CV - Extract differences between two images

Question

I am currently working on an intrusion system based on video surveillance. In order to complete this task, I take a snapshot of the background of my scene (assume it's totally clean, no people or moving objects). Then, I compare the frame I get from the (static) video camera and look for the differences. I have to be able to check any differences, not only human shape or whatever, so I cannot specific feature extraction.

Typically, I have:

I am using OpenCV, so to compare I basically do:

cv::Mat bg_frame;
cv::Mat cam_frame;
cv::Mat motion;

cv::absdiff(bg_frame, cam_frame, motion);
cv::threshold(motion, motion, 80, 255, cv::THRESH_BINARY);
cv::erode(motion, motion, cv::getStructuringElement(cv::MORPH_RECT, cv::Size(3,3)));

Here is the result:

As you can see, the arm is stripped (due to color differential conflict I guess) and this is sadly not what I want.

I thought about add the use of cv::Canny() in order to detect the edges and fill the missing part of the arm, but sadly (once again), it only solves the problem in few situation not most of them.

Is there any algorithm or technique I could use to obtain an accurate difference report?

PS: Sorry for the images. Due to my newly subscription, I do not have enough reputation.

EDIT I use grayscale image in here, but I am open to any solution.

maybe try [not to reinvent the wheel](http://docs.opencv.org/modules/video/doc/motion_analysis_and_object_tracking.html#backgroundsubtractor) — berak, Nov 20 '14 at 09:15
just have a look, what's already builtin (and if it works better), yes. — berak, Nov 20 '14 at 09:19
did you convert to grayscale? If you dont want to use the openCV classes: Try computing difference of each channel and combine them, try difference of HSV images. If you want to use existing techniques, try ViBe. Keep in mind that even lighting changes will be "any differences, not only human shape or whatever", which might be a problem for very most of all background subtraction methods. — Micka, Nov 20 '14 at 09:22
in general, building a background model over time, using many images, will beat any one-off approach. also, [Vibe](http://www2.ulg.ac.be/telecom/publi/publications/barnich/Barnich2011ViBe/index.html#toc-Section--2) <-- just be aware that it is patented. — berak, Nov 20 '14 at 09:31
well, the question here was not to build the background model, but to find the "differences" better (which is hard in grayscale images). @ValentinTrinqué can you please add the original single images, I've implemented a multi-channel version of your code, but I dont have access to the original images. Tried to crop your double-image, but they look a bit translated... — Micka, Nov 20 '14 at 09:39

Micka · Accepted Answer · 2014-11-20T10:16:47.210

One problem in your code is cv::threshold which only uses 1 channel images. Finding the pixelwise "difference" between two images in only grayscale often leads to unintuitive results.

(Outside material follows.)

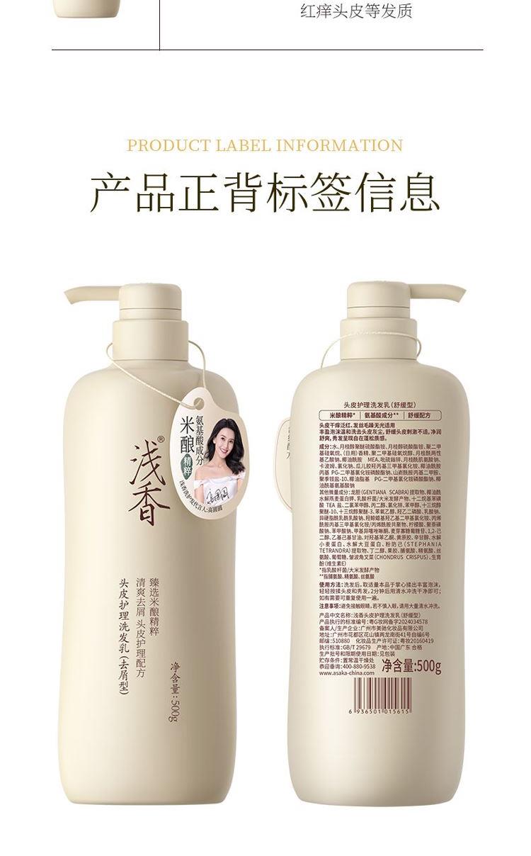 浅香米酿头皮护理洗发乳(去屑型)-净爽500g

Since your provided images are a bit translated or the camera wasnt stationary, I've manipulated your background image to add some foreground:

background image:

enter image description here

foreground image:

enter image description here

code:

    cv::Mat diffImage;
    cv::absdiff(backgroundImage, currentImage, diffImage);

    cv::Mat foregroundMask = cv::Mat::zeros(diffImage.rows, diffImage.cols, CV_8UC1);

    float threshold = 30.0f;
    float dist;

    for(int j=0; j<diffImage.rows; ++j)
        for(int i=0; i<diffImage.cols; ++i)
        {
            cv::Vec3b pix = diffImage.at<cv::Vec3b>(j,i);

            dist = (pix[0]*pix[0] + pix[1]*pix[1] + pix[2]*pix[2]);
            dist = sqrt(dist);

            if(dist>threshold)
            {
                foregroundMask.at<unsigned char>(j,i) = 255;
            }
        }

giving this result:

enter image description here

with this difference image:

enter image description here

in general it is hard to compute a complete foreground/background segmentation from pixel-wise difference interpretations.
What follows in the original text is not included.